4.2. Airborne Staphylococci, Viability and Potential Impact on Humans and Caves
Staphylococcus was selected for inclusion in the study as an indicator of human presence [19,20], and to monitor its viability in an otherwise natural environment. Staphylococcus spp. are part of the normal human skin microbiota and can also be found on mucous membranes [19,20]. They are commensal microorganisms that play a central role in regulating cutaneous homeostasis and immunocompetence [21]. There are more than 50 different species, and the skin of healthy individuals is colonized by a mixture of these staphylococci, which are present in varying proportions depending upon whether the skin site is dry, moist, or sebaceous [19,21,50].
Survival on different types of surfaces has previously been studied mainly for Staphylococcus aureus, the most clinically relevant Staphylococcus. These studies have shown that survival is highly dependent upon the type of surface and other environmental conditions, particularly relative humidity and the presence of organic material [51,52]. Interestingly, the survival rate on plastics was higher at lower humidity. The longest observed survival times of S. aureus and coagulase-negative staphylococci (CoNS) on non-biological surfaces were 45 days and 51 days, respectively [52,53].
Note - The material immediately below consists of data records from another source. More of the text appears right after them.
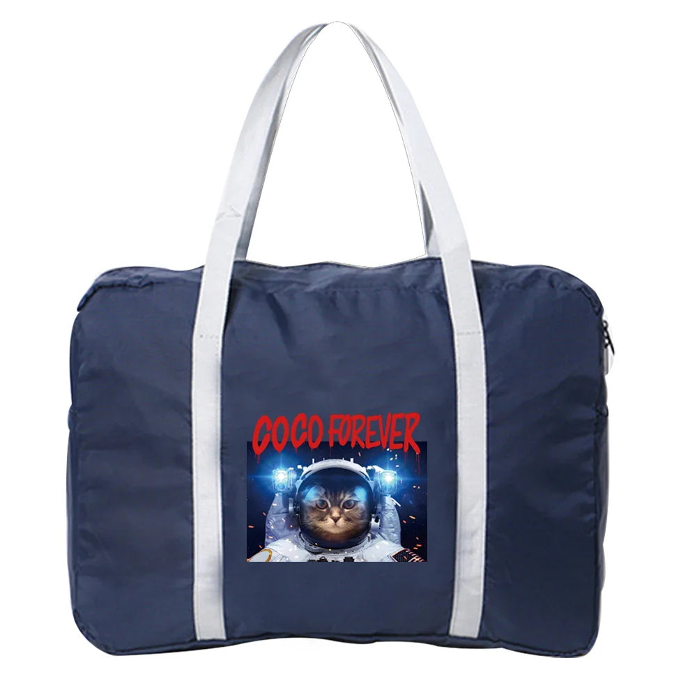 This travel bag is perfect for outdoor activities, sports, makeup, phones, sundries, toiletries, and more. It is a duffle-style bag that can hold clothes, and it is foldable for easy storage.
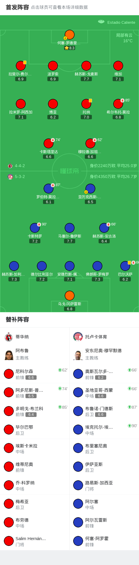 蒂华纳0-0托卢卡体育,双方互有攻守战报bot @懂球帝2025-10-23 12:59北京时间10月23日墨西哥足球超级联赛 春季联赛 第14轮,蒂华纳主场对阵托卢卡体育。最终比分蒂华纳 0-0 托卢卡体育。点击查看本场比赛详细数据>>点击查看墨超完整积分榜>> 球队阵容 技术统计 展开更多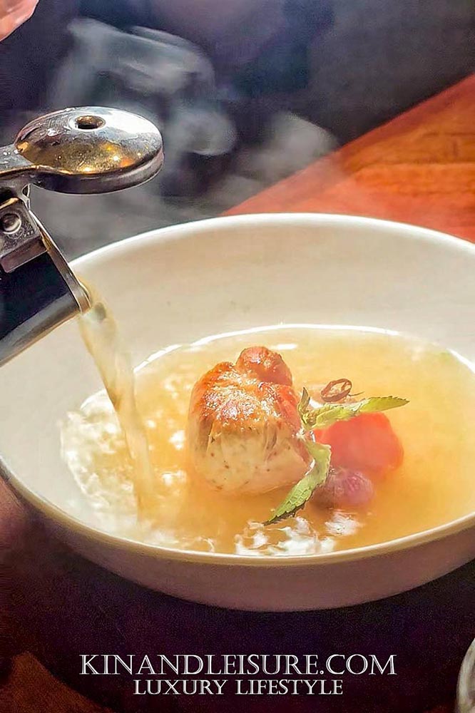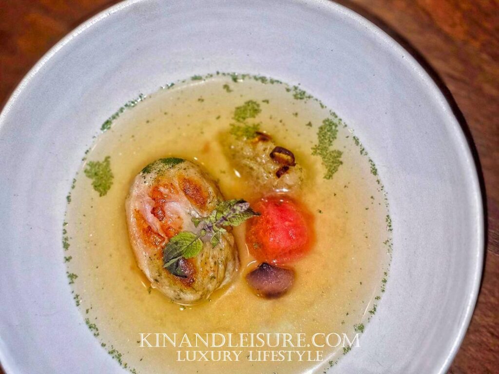 ล้างปากด้วย “ต้มแซ่บ” หรือต้มยำสไตล์อีสาน แต่เป็นต้มแซ่บที่ใสและพิถีพิถัน (ตามภาพที่กำลังรินซุป) ไฮไลท์คือ “ไก่ม้วน” พร้อม “paste ต้มแซ่บ” และมี “ใบหม่อน” เป็นจุดเด่น เมื่อซุปไก่ที่เคี่ยวจนได้ที่ถูกรินลงไป กลิ่นหอมก็อบอวล เนื้อไก่ม้วนนั้นนุ่มเด้งฉ่ำอย่างไม่น่าเชื่อ และมีกลิ่นหอมจากการย่างที่ผิวด้านนอกที่กรอบ เข้ากับเนื้อนุ่มด้านใน ซุปรสชาติกลมกล่อม เปรี้ยวเค็มเผ็ดอย่างผู้ดี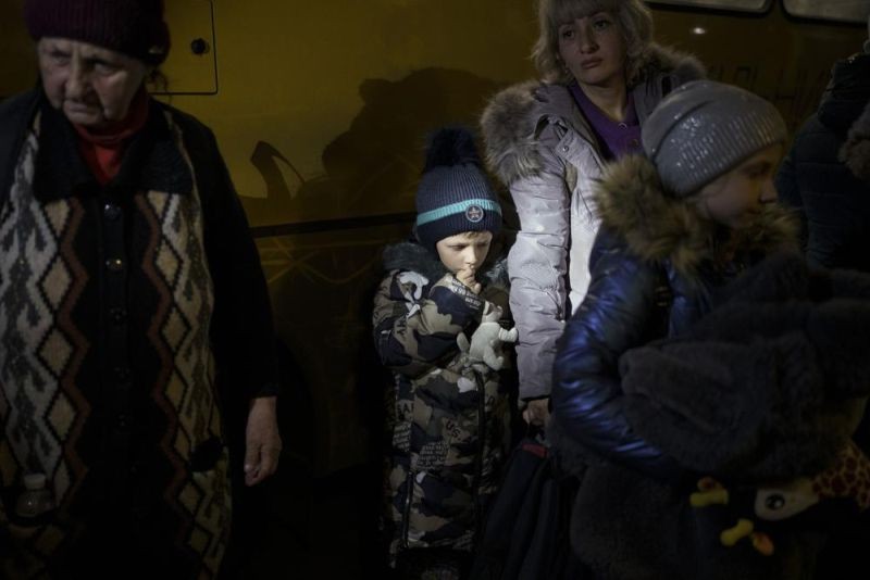 Internally displaced people from Mariupol and nearby towns arrive in Zaporizhzhia, Ukraine, Friday, April 1, 2022. (AP Photo/Felipe Dana)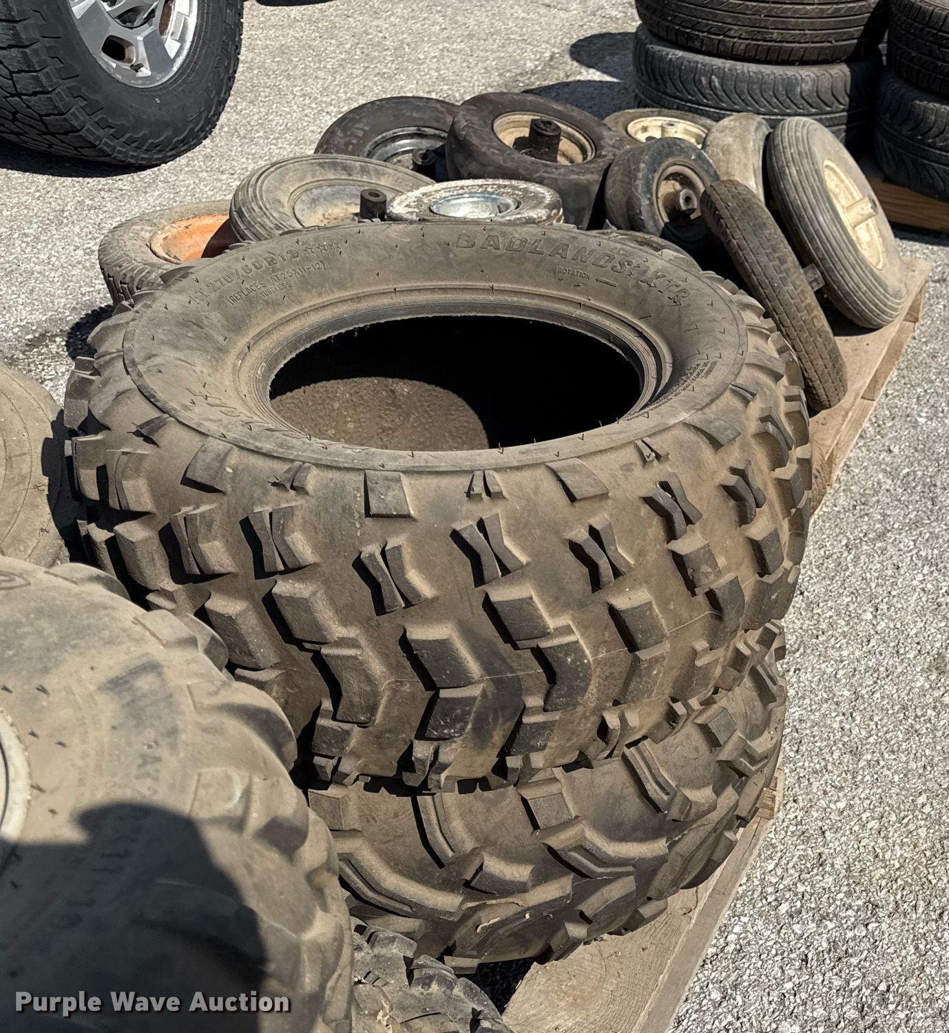 (3) pallets of tires and wheels. Landmasters Landscape Inc. Basehor, KS 66007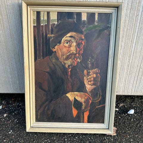 Oliemaleri, OJ, motiv: Portrætter/Figurer, stil: Andet, b: 24 cm h: 30 cm, Fint gammelt maleri af ældre mand med langpibe.
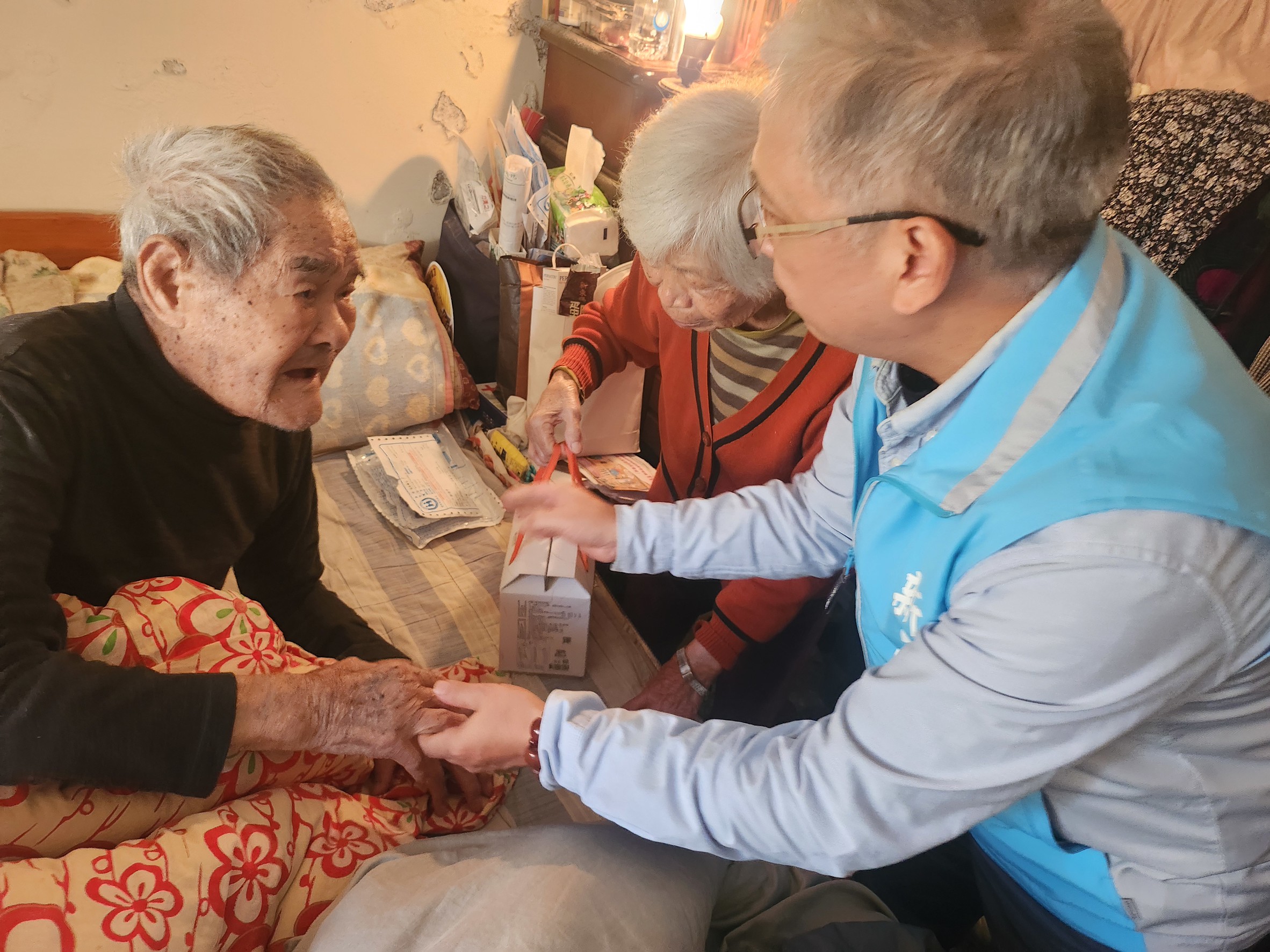 謝榮水副處長在訪視中貼心詢問長輩近期的健康與作息情形,提醒因溫度驟降,務必注意身體保暖、適時添衣,並避免清晨及深夜外出,以降低寒冷對身體造成的不適。他也特別強調,冬季用電需求增加,使用電暖器或加熱設備時應注意安全,避免因長時間用電而引發意外。同時,近期政府「普發現金一萬元」政策已陸續啟動,長輩更需提高警覺,不受不明來電、代辦話術所騙,以防遭受詐騙。

In addition to living in commensal relationship with humans and animals, some Staphylococcus species can also cause a variety of mostly pyogenic processes in different parts of the body (e.g., skin, ears, lungs, and joints) [54]. The human nasal microbiota is particularly rich in CoNS. For example, the anterior nostrils of 91.2% of humans are colonized with these bacteria, including most commonly Staphylococcus epidermidis, which colonizes 97.1% of the adult population, followed by S. haemolyticus, S. capitis, S. hominis, S. warneri, and S. lugdunensis, all present within ≥25% of the adult population [50,55,56,57]. The most clinically important species, S. aureus, is routinely found in at least 20% of healthy adults [21]. The first, S. haemolyticus, is found on the skin of humans and animals (especially cats) and is the second most common cause of community-acquired urinary tract infections in young women, usually after sexual intercourse [54,58]. In addition to cystitis, S. saprophyticus can cause foreign body-related infection and native valve endocarditis [55]. The second, S. equorum, is associated with fermented foods and the skin of animals (typically horses) [54,55]. It is of low virulence, with no documented clinical cases known to the authors [55]. The third, S. warneri, is also found in fermented foods, milk, and on human and animal skin (primarily bovine) [54,55]. It is associated with foreign body-related infections [55]. S. epidermidis—widely considered the most common skin isolate—was, however, found only at one sampling site (Table 2, Figure 1).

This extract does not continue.